Строго системно-логически роль самца с самцовым типом оргазма заключается в непрерывном оплодотворении всего и вся, что и нашло свое отражение в легенде о Приапе, а непрерывная эрекция получила название приапизма. Однако этот чисто биофизический идеал носит исключительно сексуальный характер, ибо требует непрерывной сверхскоростной биохимической работы семенных желез по производству качественной спермы, чтобы выполнять и репродуктивную функцию. А это просто невозможно по крайней мере у теплокровных. Идеал трутней у них недостигнут пока что даже тщательной селекцией самцов-производителей, ибо важна не только частота покрытий самок, но и качество самой спермы. А здесь мы упираемся в проблему понимания сути качества спермы, которое неизбежно обусловлено исходным механизмом жизнетворения:
→трофика→рост→редупликация→
И селекционеры прекрасно знают на практике капризную строгость соблюдения этой технологии.

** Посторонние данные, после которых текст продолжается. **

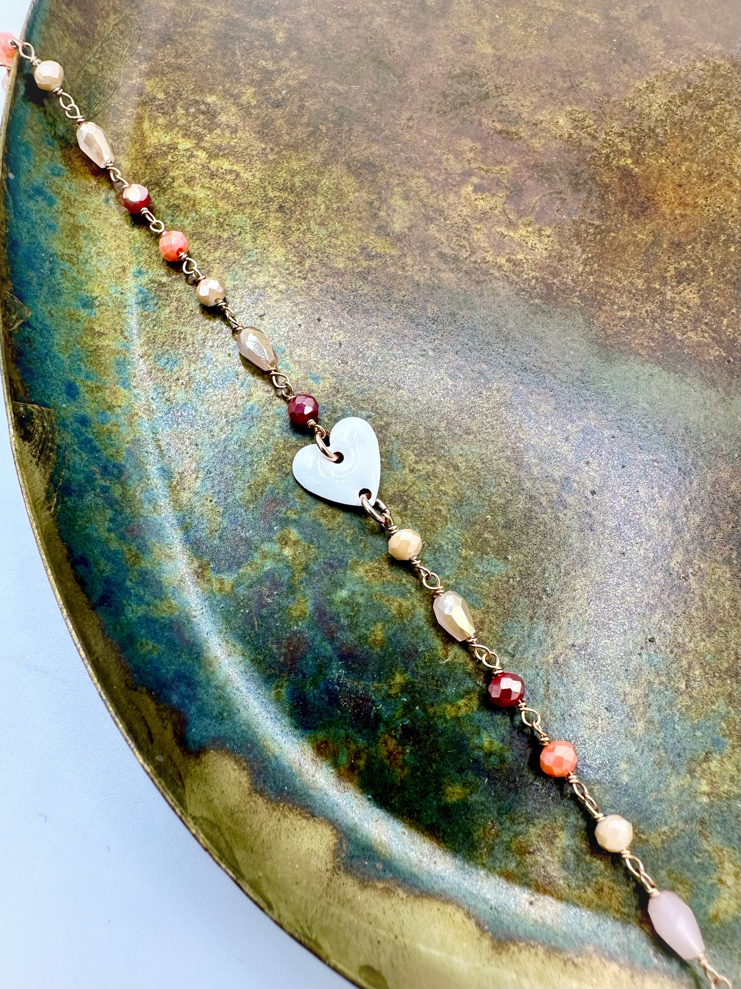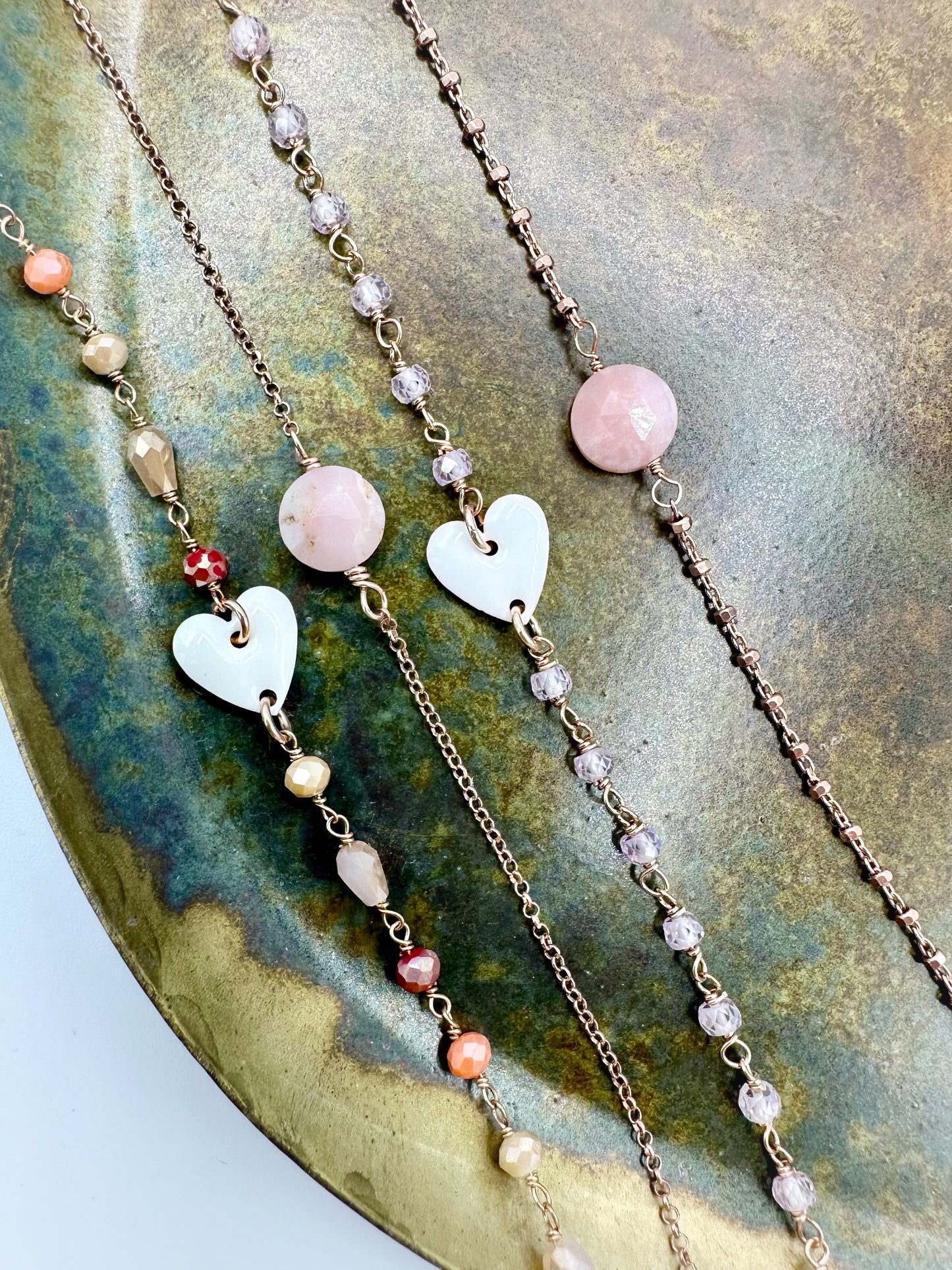 versione 1: catena rosario con pietre sintetiche e cuore smaltato centrale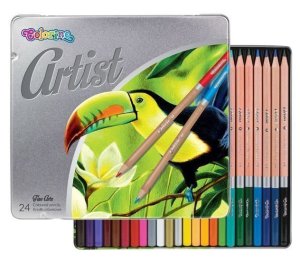 Souprava 12 kusů vysoce kvalitních profesionálních dřevěných pastelek v odolné plechové krabičce.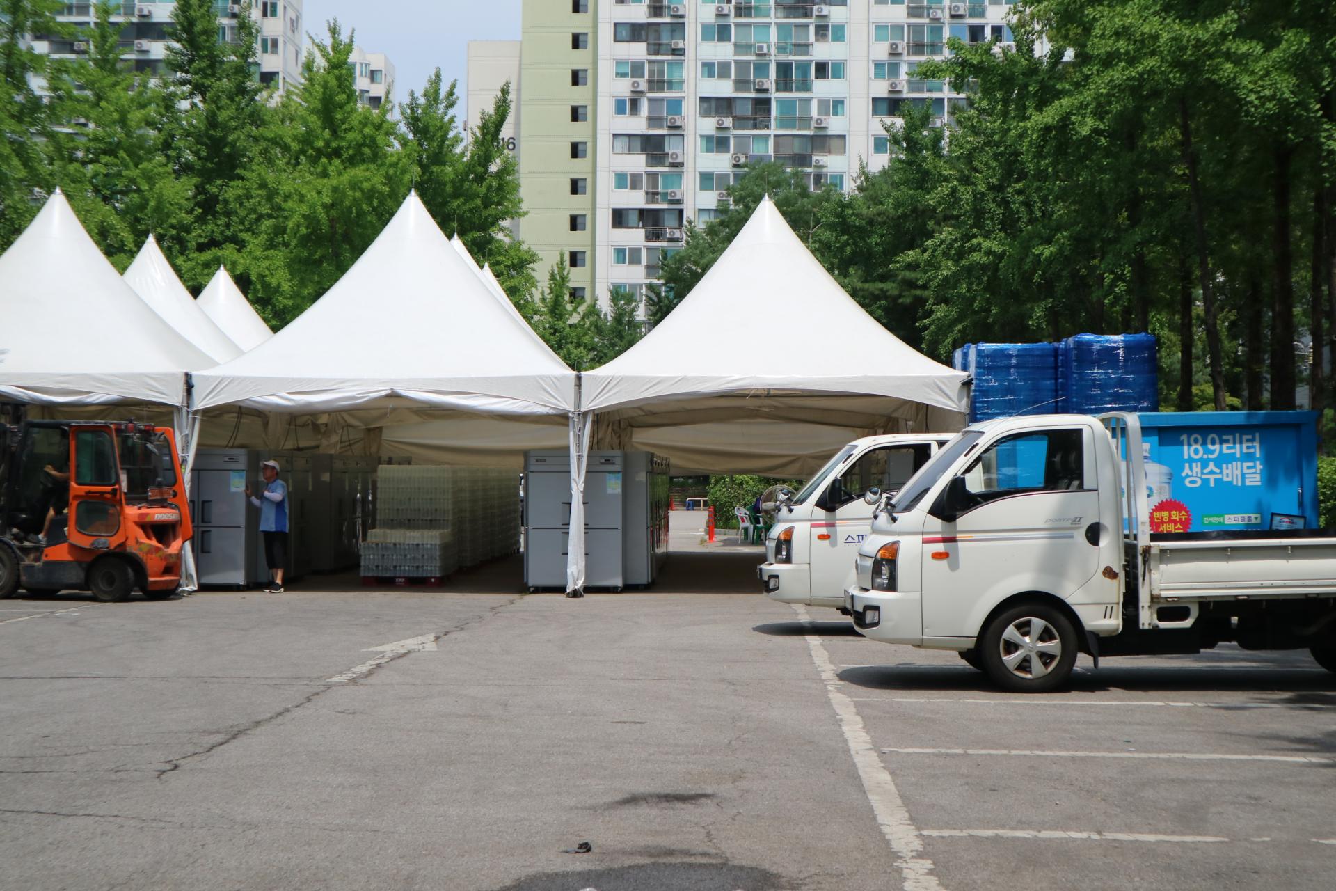5개 자치구 중에서도 사업을 가장 먼저 시작한 노원구는 올여름에만 216만병의 생수를 배포하겠다고 발표한 바 있다. 실제로 중계근린공원에서는 냉동고 수십대가 설치되어 매일 자치구 각 지역으로 운송될 생수들을 얼리고 있었으며 공원 한 켠에는 폐기된 생수병들이 가득 쌓여있었다.

Философский аспект селекции состоит не только в ее делении на естественно-эволюционную, искусственно-эволюционную и генно-инженерную, но и на растительную, животную и евгеническую. Искусственно-эволюционная селекция не вызывает ни малейших опасений, ибо ее принципы не противоречат принципам естественной эволюции, сочетания подобного с подобным в биофизико-биохимическом отношении (близковидовые сочетания). Поэтому все скрещивания в рамках “растение-растение”, “животное-животное”, “человек-человек” имеют природный барьер монстризации. Иное дело – генная инженерия, ибо это уже вторжение не в систему биофизико-биохимического симбиоза эколокусного типа у полицитов, а в систему планирования биофизико-биохимических цепочек реакций, трансгенерационные последствия которых совершенно темны даже для эколокуса, а не только биоценоза и тем более биосферы. Но даже при идеально карантинном способе сельхозпроизводства продуктов питания такого типа (что весьма маловероятно при условиях коммерциализации всего и вся) необходимы тщательные трансгенерационные исследования сугубо трофических последствий для человека при разных формах приготовления пищи. И эта проблема напрямую связана с проблемой евгеники, идеала человека, его киборгизации, о чем речь еще впереди.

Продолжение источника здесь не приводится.